**TRY IT:** Lines holding the string "feet" are the ones to copy; find them all in the data.
RECORDS SUPPLIED Start Marker
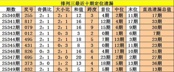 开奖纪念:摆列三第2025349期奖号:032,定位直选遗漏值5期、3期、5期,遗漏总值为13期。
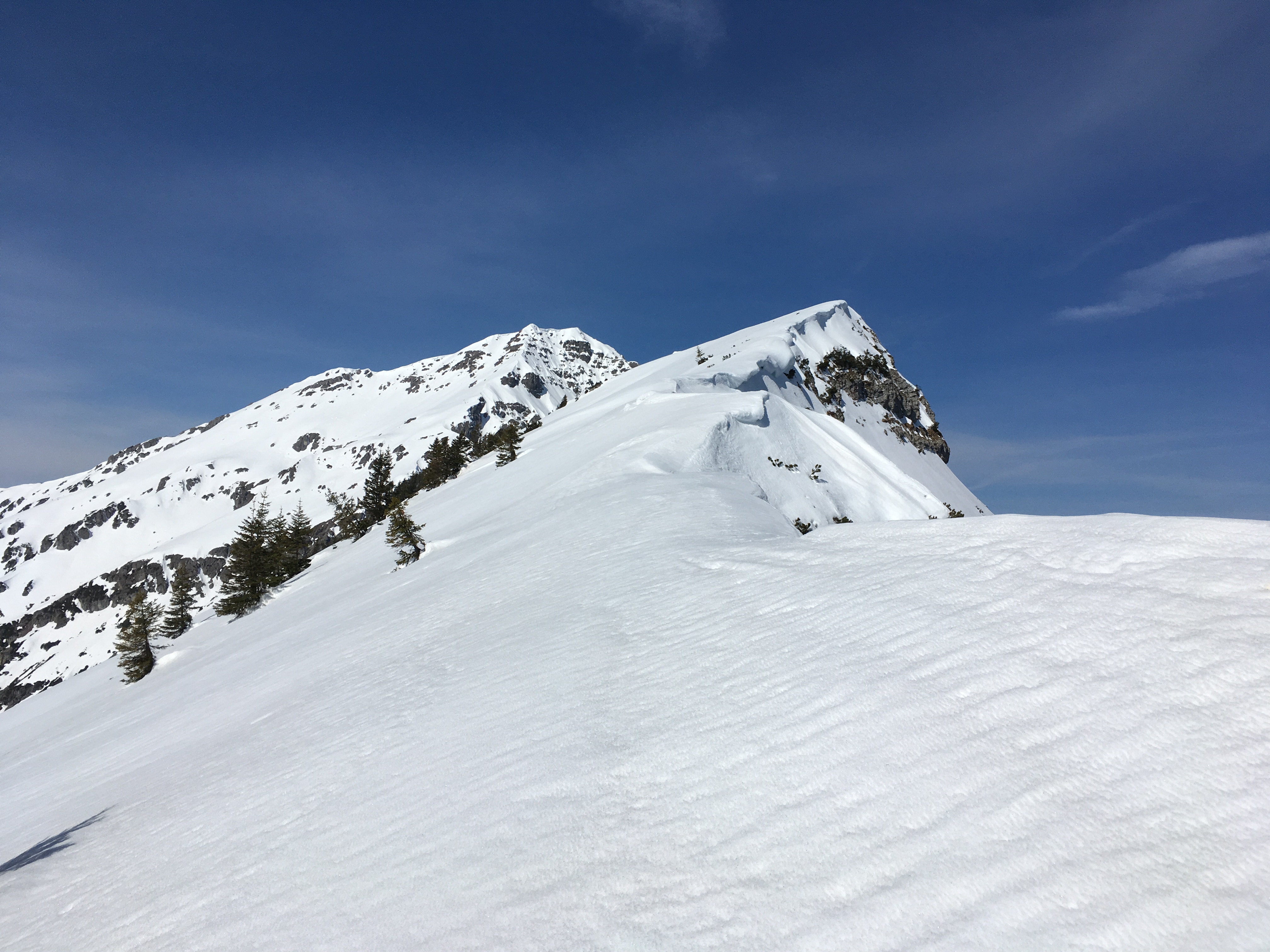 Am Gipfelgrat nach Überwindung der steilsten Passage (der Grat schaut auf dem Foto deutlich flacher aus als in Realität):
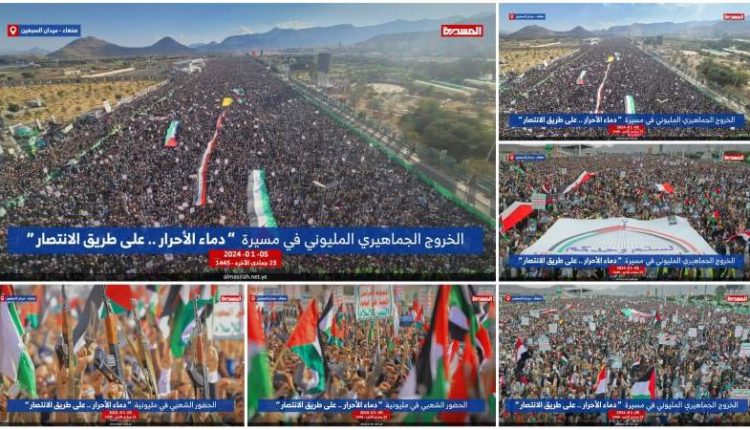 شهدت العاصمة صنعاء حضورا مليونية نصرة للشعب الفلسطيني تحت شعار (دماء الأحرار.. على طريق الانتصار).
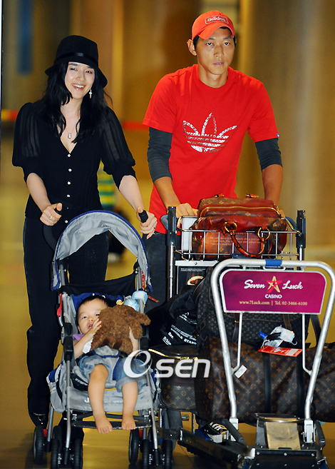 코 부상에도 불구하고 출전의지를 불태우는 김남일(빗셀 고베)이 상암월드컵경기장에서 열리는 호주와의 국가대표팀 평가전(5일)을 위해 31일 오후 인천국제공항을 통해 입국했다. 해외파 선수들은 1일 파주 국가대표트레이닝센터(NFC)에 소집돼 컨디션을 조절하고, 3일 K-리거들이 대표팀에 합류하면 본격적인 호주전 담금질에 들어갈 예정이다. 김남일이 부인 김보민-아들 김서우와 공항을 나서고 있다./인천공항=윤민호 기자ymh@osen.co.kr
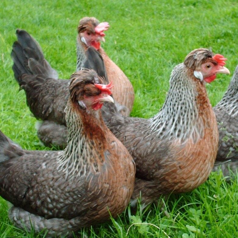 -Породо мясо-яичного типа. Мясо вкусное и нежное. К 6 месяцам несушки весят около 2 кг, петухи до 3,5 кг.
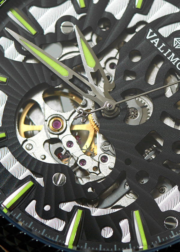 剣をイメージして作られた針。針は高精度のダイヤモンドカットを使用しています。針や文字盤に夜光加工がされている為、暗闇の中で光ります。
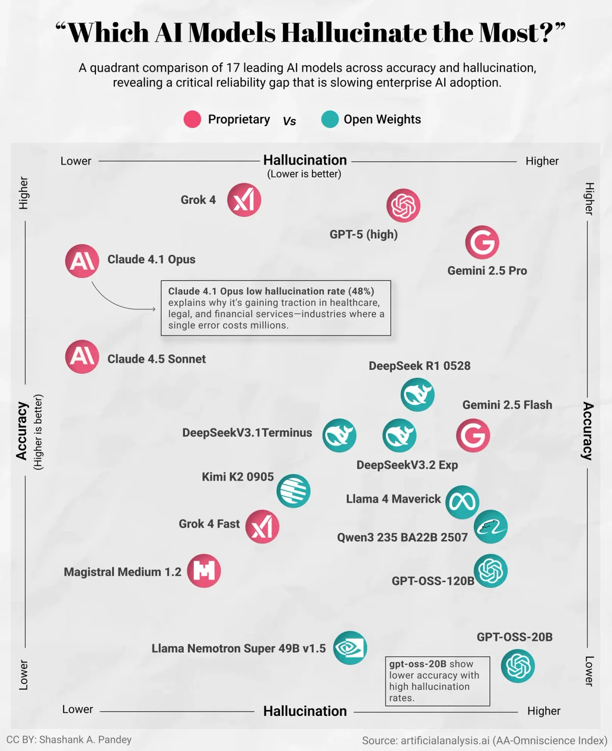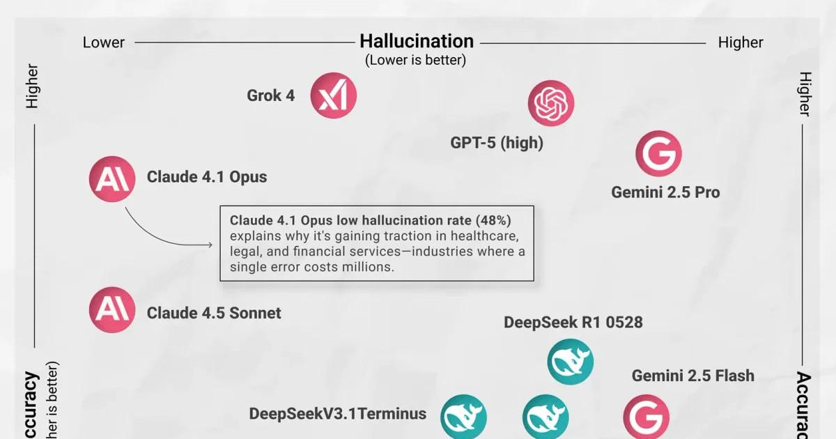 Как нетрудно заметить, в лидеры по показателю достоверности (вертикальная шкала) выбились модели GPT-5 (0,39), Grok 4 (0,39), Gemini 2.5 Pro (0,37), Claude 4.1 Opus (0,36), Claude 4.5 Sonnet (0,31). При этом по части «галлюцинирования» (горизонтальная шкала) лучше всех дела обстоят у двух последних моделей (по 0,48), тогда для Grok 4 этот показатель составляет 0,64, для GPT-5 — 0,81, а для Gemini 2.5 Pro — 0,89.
RECORDS SUPPLIED End Marker
RECORDS SUPPLIED Start Marker
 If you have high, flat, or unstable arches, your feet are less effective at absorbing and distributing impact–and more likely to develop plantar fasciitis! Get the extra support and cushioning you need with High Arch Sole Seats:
RECORDS SUPPLIED End Marker
RECORDS SUPPLIED Start Marker
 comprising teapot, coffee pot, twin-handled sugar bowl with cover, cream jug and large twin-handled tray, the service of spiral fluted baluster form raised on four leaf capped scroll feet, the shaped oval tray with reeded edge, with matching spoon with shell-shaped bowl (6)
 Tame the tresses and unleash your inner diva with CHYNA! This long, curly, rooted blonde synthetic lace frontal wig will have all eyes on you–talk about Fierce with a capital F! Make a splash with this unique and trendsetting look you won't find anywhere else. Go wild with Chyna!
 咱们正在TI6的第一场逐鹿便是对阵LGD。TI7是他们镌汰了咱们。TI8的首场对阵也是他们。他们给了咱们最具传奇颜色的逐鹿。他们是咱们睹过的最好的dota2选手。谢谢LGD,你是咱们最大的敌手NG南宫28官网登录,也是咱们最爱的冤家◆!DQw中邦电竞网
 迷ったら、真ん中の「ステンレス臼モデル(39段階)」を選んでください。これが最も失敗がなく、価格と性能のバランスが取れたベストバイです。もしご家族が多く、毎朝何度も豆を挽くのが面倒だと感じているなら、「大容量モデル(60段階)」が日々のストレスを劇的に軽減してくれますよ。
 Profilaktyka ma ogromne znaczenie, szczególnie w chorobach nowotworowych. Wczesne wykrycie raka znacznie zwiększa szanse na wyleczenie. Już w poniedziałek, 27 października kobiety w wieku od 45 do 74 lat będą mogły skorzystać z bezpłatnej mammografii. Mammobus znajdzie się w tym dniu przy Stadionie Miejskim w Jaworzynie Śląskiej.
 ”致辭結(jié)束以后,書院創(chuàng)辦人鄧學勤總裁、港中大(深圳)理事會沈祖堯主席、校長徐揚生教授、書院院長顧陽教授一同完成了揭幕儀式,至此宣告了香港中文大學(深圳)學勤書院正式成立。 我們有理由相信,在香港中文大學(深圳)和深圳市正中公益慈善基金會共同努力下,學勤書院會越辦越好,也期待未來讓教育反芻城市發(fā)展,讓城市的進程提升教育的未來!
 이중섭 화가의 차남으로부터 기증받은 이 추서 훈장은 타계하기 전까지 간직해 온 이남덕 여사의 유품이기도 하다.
RECORDS SUPPLIED End Marker
**SOLUTION TO THE EXERCISE:**
 If you have high, flat, or unstable arches, your feet are less effective at absorbing and distributing impact–and more likely to develop plantar fasciitis! Get the extra support and cushioning you need with High Arch Sole Seats:
 comprising teapot, coffee pot, twin-handled sugar bowl with cover, cream jug and large twin-handled tray, the service of spiral fluted baluster form raised on four leaf capped scroll feet, the shaped oval tray with reeded edge, with matching spoon with shell-shaped bowl (6)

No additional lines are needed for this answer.